In these two reapportionment cases, the courts below have struck down as unconstitutional the weighted voting plans which had been proposed to correct the conceded malapportionment of the Boards of Supervisors of Washington and Saratoga Counties.
*248In the Washington County case, the plaintiffs are residents, taxpayers and property owners of the Town of Kingsbury and, in the Saratoga County case, the plaintiffs are property owners and taxpayers of the City of Saratoga Springs. In each case, they instituted these actions seeking (1) a declaratory judgment that the apportionment of the Board of Supervisors of their respective county was unconstitutional and (2) an order directing the board to submit a valid plan of apportionment. It is not disputed that, at present, as prescribed by section 150 of the County Law, the municipalities in each county are equally represented by one member on the Board of Supervisors, even though there is a great disparity in the populations of the several towns and cities.1
In the Washington County litigation, the court at Special Term held that the apportionment of the board and section 150 of the County Law, as applied, violated the one man-one vote rubric and were, accordingly, unconstitutional. The board was directed to prepare and submit a permanent plan of reapportionment but was permitted, in the interim, to function as it was presently constituted. The board thereupon adopted what it terms an ‘ ‘ Adjusted Weighted Voting Plan” which provides that each town is to be represented on the board by at least one supervisor who will be entitled to cast one vote for every 279 persons residing in the town, up to a maximum of 15 votes. The membership of the board would be enlarged to allow for additional supervisors from those towns with populations large enough to warrant more than 15 votes. Thus, Kingsbury, the largest town, would be represented by three supervisors who would each cast 13 votes, for a total of 39. Dresden, Hampton and Putnam, the smallest towns, would each be represented by one supervisor who would cast two votes and the most votes cast by any single member of the board would be the 14 allotted to the supervisor from Greenwich.
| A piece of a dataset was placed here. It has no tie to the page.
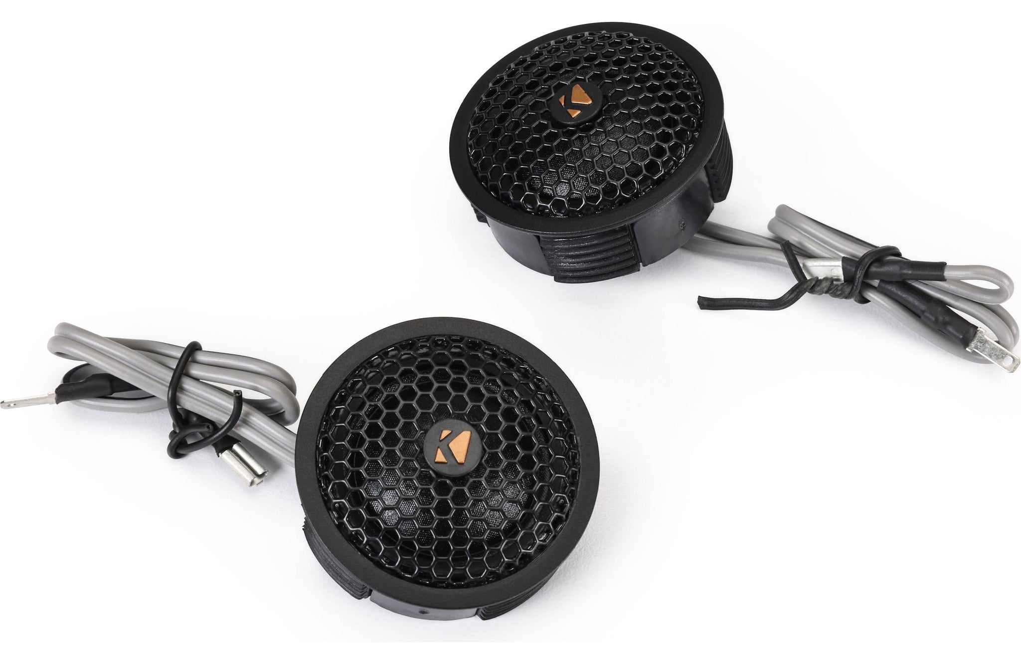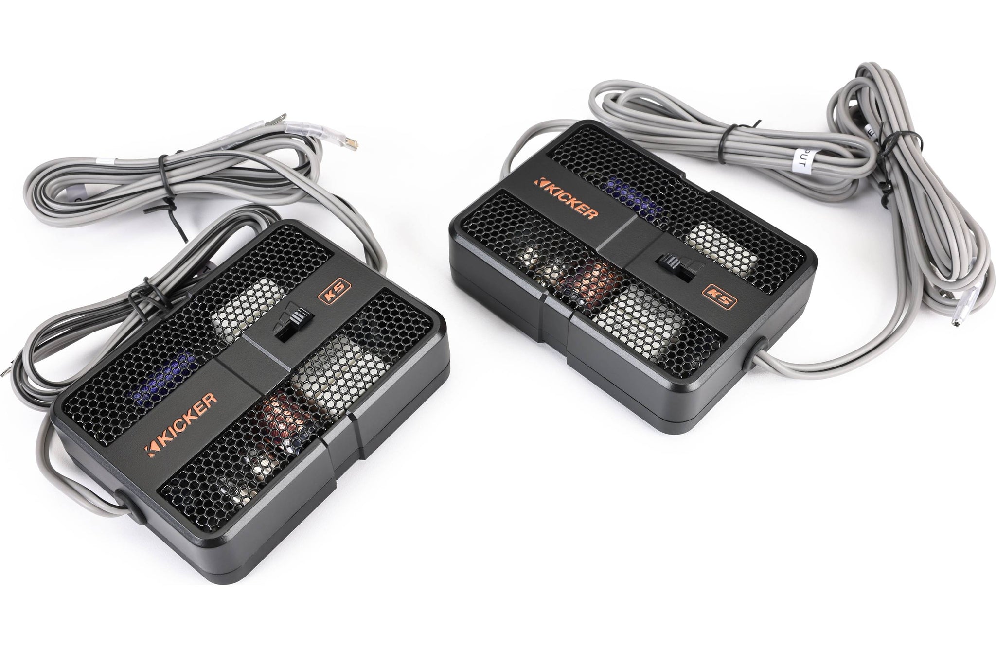 Kicker designed their KS Series lineup to be a substantial step-up from your factory speakers. The KSS50 5-1/4" component system features two woofers for satisfying bass and a pair of silk dome tweeters that deliver smooth vocal and instrumental details. This system's outboard crossovers direct frequencies where they need to go and let you tweak the tweeter levels depending on your taste. What does that all mean for you? You'll finally hear what most factory speakers don't provide — a full spectrum of natural sound.

Shortly after the action was commenced in Saratoga County, its Board of Supervisors adopted a so-called “ Fractional-Weighted Voting Plan ” which, generally speaking, follows the *249same pattern as the one for Washington County. This plan provides that each town and city will be represented on the board by at least one supervisor who will be entitled to cast one vote for every 600 persons residing in the municipality, up to a maximum of 20 votes. The membership of the board would be enlarged to allow for an additional supervisor from Saratoga Springs which has a population large enough to warrant more than 20 votes. More specifically, Saratoga Springs would be represented by two supervisors who would each cast 14 votes for a total of 28, while Providence, Edinburg and Day, the smallest towns, would each be represented by one supervisor who would cast one vote; the most votes cast by any single member of the board would be the 16 allotted to the supervisor from the Town of Moreau.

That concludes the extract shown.